Property records showed several existing structures totaling about 72,000 square feet. The largest buildings were built in 1965 and 1985 with an office developed in 1945.
Work began in late 2020 and early 2021 with demolition of some of the property and the conversion of a vacant cold storage warehouse into office space.
Auld & White Constructors LLC was the general contractor. Design Cooperative LLC was the architect. Almond Engineering was the civil engineer.
Auld & White renovated 30,000 square feet into shell office space.
For that space, Stanly said at the time the group would replace the roof, add windows, install new mechanical systems and improve the on-site parking.
Lockwood Quality Demolition Inc. demolished one building and part of another, keeping the slabs for reconstruction on top of that footprint.
The Dennis + Ives ownership and development team comprises Finnegan; Stanly, managing member of Blackwater Capital LLC in Jacksonville; and Grimes, senior managing director and partner of Patterson Real Estate Advisory Group in Charleston.
The Rail Yard District
Dennis + Ives is in a federal Qualified Opportunity Zone, which could provide tax benefits to investors. The 95 Arch Partners QOZ Fund advises potential tenants to consult with tax professionals for guidance.

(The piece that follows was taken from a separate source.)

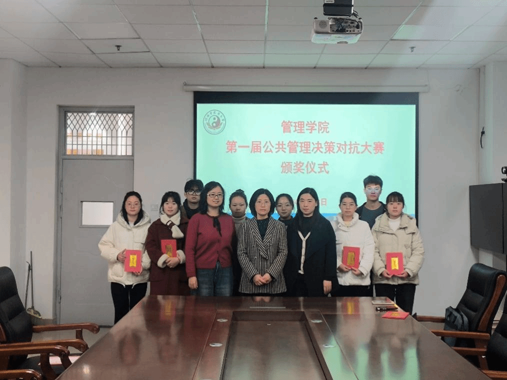 比赛过程中,各组成员模拟政府部门,面对相同的城市基础条件,积极应对城市发展中遇到的问题,制定规划方案,并开展资源调配管理等操作。经过两天激烈的比赛,最终,由岳乙苗、张扬扬、吕梁杰组成的格兰芬多队获得一等奖,由熊先锋、刘世昊、乔方雨组成的汪汪队和由韩乐、任伽伽、闫美玉组成的乘风破浪队获得二等奖。比赛由公共管理教研室时立和陈颖老师任评委。毛海燕副院长参加闭幕式并给获奖同学颁发荣誉证书。毛海燕在致辞中向获奖同学表示祝贺,并指出学院举办公共管理决策对抗大赛,旨在提升同学们知识应用能力和创新能力,是推进新文科和国家一流专业建设的重要举措。未来,我们将继续举办此类大赛,希望同学们在比赛中获得更多成长。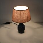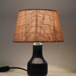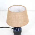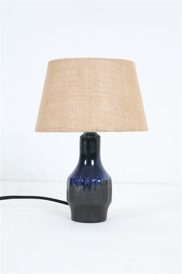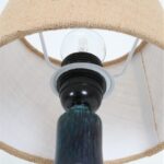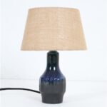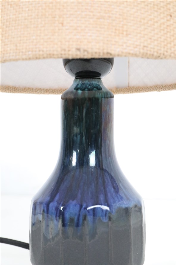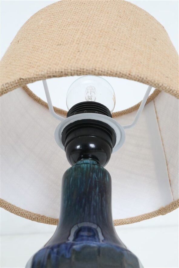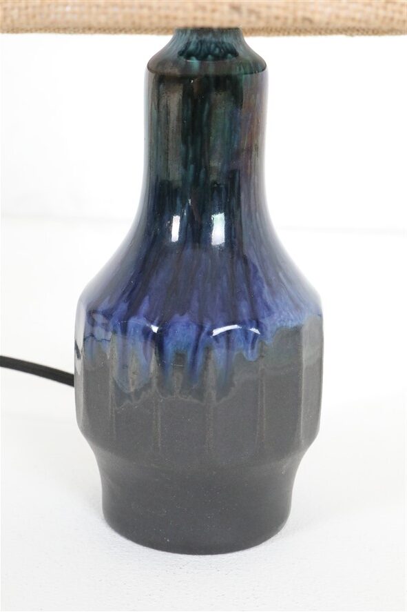 1960er-1970er Jahre, Design: Ernst Nielsen, Faxe, Dänemark, handgearbeitete Keramik. Glasur: matt-schwarz + glänzend-grün-blau. Gesamtmaße mit Lampenschirm: ca. 28 x 20cm (Höhe, Durchmesser). Der Lampenschirm ist erneuert worden. Sehr hochwertiger Jute-Lampenschirm. E27-Bakelit-Fassung (110-250V, weltweit anwendbar), spezielles für Tischleuchten zugelassenes Textilkabel (ca. 1,75m), Schnurschalter (designed by Achille Castiglioni) und Euro-Stecker. Kommt mit 240V-LED-Leuchtmittel in warmweiß. Gebrauchtware. Sehr guter Zustand. Keine Defekte. Nur leichte Gebrauchsspuren. Siehe Fotos. Dies sind die Originalfotos der zum Verkauf stehenden Artikel. Trotzdem können die Farben leicht variieren, da sie auf verschiedenen Geräten / Bildschirmen unterschiedlich dargestellt werden.

The Dennis + Ives site is next to I-95 and the arch bridge, a visual worked into the Dennis + Ives logo. It is also near I-10.
The properties are at 1505, 1620, 1710 and 1720 Dennis St. and 74, 76 and 96 Ives St.
The Rail Yard District is in the industrial Beaver Street area west of I-95 near Downtown.
District organizers say it dates to 1858 as a railroad junction and the district is named for the train tracks and terminal that continue to operate.
“The Rail Yard District is rising and we’re hoping to be a part of that,” Finnegan said Aug. 5.
Stanly also places the project within the larger context of the city.
“Jacksonville is changing,” Stanly said.
As a city, he said, “we can’t rest on our laurels. We have to keep working harder.”